Starved from the capital, underdeveloped financial institutions and poor development metrics paved cheap credit from Britain to flow into these colonies for undertaking investment in development activities. With capital scarce in the American Colonies, colonial planters were eager to borrow cheap capital from British creditors. But because planters often maintained open lines of credit through multiple trade channels, creditors had no way of knowing a particular planter’s indebtedness. Economic growth at that period was highly dependent on the use of credit, which was largely based upon people’s confidence in the banks. As confidence started ebbing, paralysis of the credit system followed: crowds of people gathered at the banks and requested debt repayment or attempted to withdraw their deposits. So when two banks in London failed, contagion spread and the credit boom suddenly met its end.
Crisis struck the market
The credit crisis of 1772 began in June with the closing of two London banks. As bankruptcies rose in London, the contagion spread across England and Scotland, and then on to Dutch banks, before existing central banks calmed the markets. The credit boom came to an abrupt end, and the ensuing crisis harmed the East India Trading Company, the West Indies in general, and the North American colonial planters specifically. In the western colonies, planters struggled to repay British merchants as consumers couldn't offer remunerative prices for their products. Bills of exchange became untrustworthy and States like Virginia had to cheap sell their tobacco produce to meet creditors' requirements. Given the falling commodity prices and creditor uncertainty over each planter’s indebtedness, credit became further constrained and difficult to obtain.
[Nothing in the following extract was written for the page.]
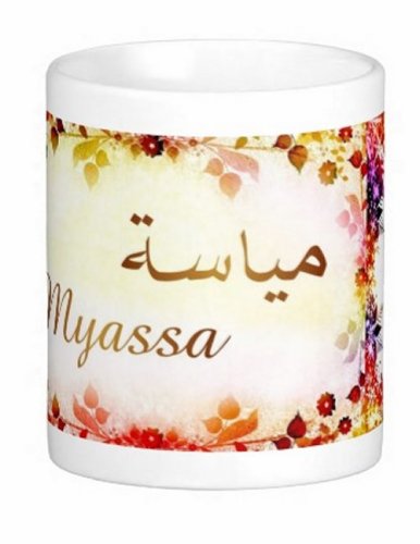Mug avec le prénom "Myassa" écrit en français, en arabe (مياسة) et calligraphié de façon artistique en arabe sur la partie droite.

The law of fractionalization and division in mortgage services further worsened the problem. With heightened structuring and regulations following the failure of the aforementioned banks, the originate-to-distribute model failed as banks governed by federal agencies became more particular and skeptical about giving loans.
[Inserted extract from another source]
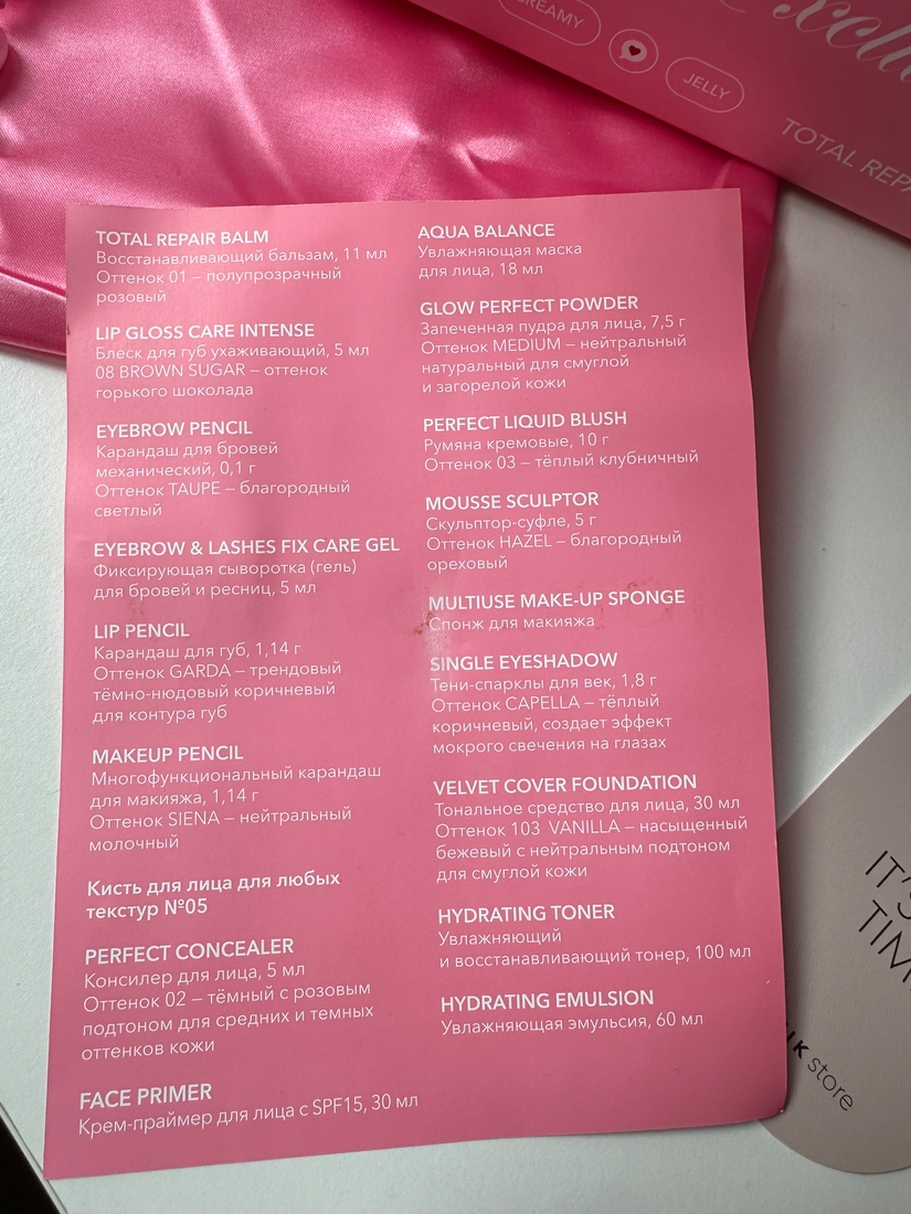 Наполнение, конечно, очень интересное, продуктов много, но где же тушь для ресниц? Где хайлайтер? Ну да ладно...

The immediate aftermath of the Crisis: Sparking the American revolution
After the crisis, a dramatic rise in the number of bankruptcies was observed: the average number of bankruptcies in London was 310 from 1764–71, but the number rose to 484 in 1772 and 556 in 1773. Banks that were deeply involved in speculation endured hard times during the crisis. The East India Company bore heavy losses and its stock price fell significantly. As Dutch banking houses had invested extensively in the stock of the East India Company, they suffered the loss along with the other shareholders. After the crisis, the flexibility and resilience that the system previously exhibited most notably in 1756 and 1763 had substantially diminished. Thus on one hand where there were macroprudential motivations for Scotland's largest bank to lobby for regulatory intervention, the unintended second and third-order effects were no less on account of some noble intentions.
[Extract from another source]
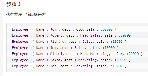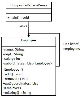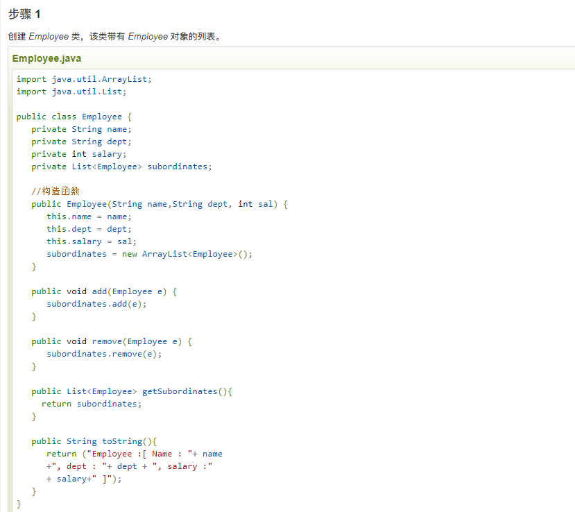 我们有一个类 Employee,该类被当作组合模型类。CompositePatternDemo,我们的演示类使用 Employee 类来添加部门层次结构,并打印所有员工。

After the outbreak of the crisis, British merchants urgently called for repayment of debt and American planters faced the serious problem of how to pay the debt for several reasons. First, because of the economic boom before the crisis, planters were not prepared for large-scale debt liquidation thus leading to equivocal liquidity maintenance. As the credit system broke down, bills of exchange were rejected, not trusted upon, and almost all heavy gold was sent to Britain. Second, without the support of the credit, planters were unable to continue producing and selling their goods. Since the whole market was dilapidated, the fallen price of their goods also intensified the pressure on planters. Distressed by the turn of events, this is what gave rise to what we call the modern-day "American Revolution".